The Significant Contribution of Neuroimaging Techniques to Understanding the Anatomy and Functions of the Brain

Neuroimaging has become an invaluable method in many scientific fields, gaining significant power for understanding human brain development and its relationship with behaviour, thoughts, and actions. It is used to test hypotheses about normal developmental processes such as memory, cognitive control, emotion, goal-directed behaviour, social cognition, and language, while also making a major contribution to understanding atypical processes in developmental neuropsychiatric disorders. Among others, the pathophysiology of attention deficit/hyperactivity disorder (ADHD), autism spectrum disorders, schizophrenia, bipolar disorder, obsessive-compulsive disorder, and even anxiety and depressive disorders is investigated using neuroimaging techniques (Rumsey & Ernst, 2009).

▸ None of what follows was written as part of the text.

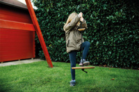 Huśtawka ma kształt dysku. Siedzisko posiada antypoślizgowe wypustki.

Scientific curiosity to understand the human brain, its functionality, and its value for human development led to the creation of neuroimaging techniques, beginning in the 19th century with the ‘human circulation balance’ through to ‘high-density event-related potentials’ (HD-ERP), ‘magnetic resonance imaging’ (MRI), computed tomography (CT), and ‘positron emission tomography’ (PET), and on to functional MRI, which provides the opportunity to follow changes in the developing brain. Neuroimaging techniques allow researchers and clinicians to learn about differences between the normally developing brain and the brain with abnormalities or damage, as well as to show which brain parts are activated during specific activities, behaviours, or emotional states (Rumsey & Ernst, 2009).

In connection with the continuous improvement of neuroimaging techniques and the growing popularity of cognitive science, researchers in the early 1970s introduced a new scientific field called cognitive neuroscience, a term which describes the aim of explaining how mental and cognitive functions arise from brain activity (Wickens, 2009). Cognitive neuroscience encompasses several disciplines which have a direct relationship with the significant contribution of neuroimaging to knowledge about brain development and function.

Studies of language using PET have brought many new findings which have revolutionised previous assumptions about Wernicke’s and Broca’s areas. For instance, measuring blood flow in the cerebral cortex of students performing four language-related tasks led Posner and Raichle (1994) to conclude that the brain area responsible for language has a wider range than previously stated by the Wernicke-Geschwind model (Wickens, 2009). Their findings also inform our understanding of speech comprehension, connecting activity in Wernicke’s area while a participant heard spoken words. However, Wernicke’s area does not participate in reading or generating verbs from nouns. According to Wickens (2009), many studies confirm these statements. Furthermore, several studies using fMRI analysis have found that the area responsible for generating verbs from nouns is Broca’s area (Sahin et al., 2006).

Pulvermüller (2000) revealed findings about brain activity related to the connection between increased activity in the motor cortex controlling a specific body part and a verb related to that body part. The researchers demonstrated an association between leg-related words and activation of the motor cortex controlling leg movements, as well as between face-related words and activation of the face region.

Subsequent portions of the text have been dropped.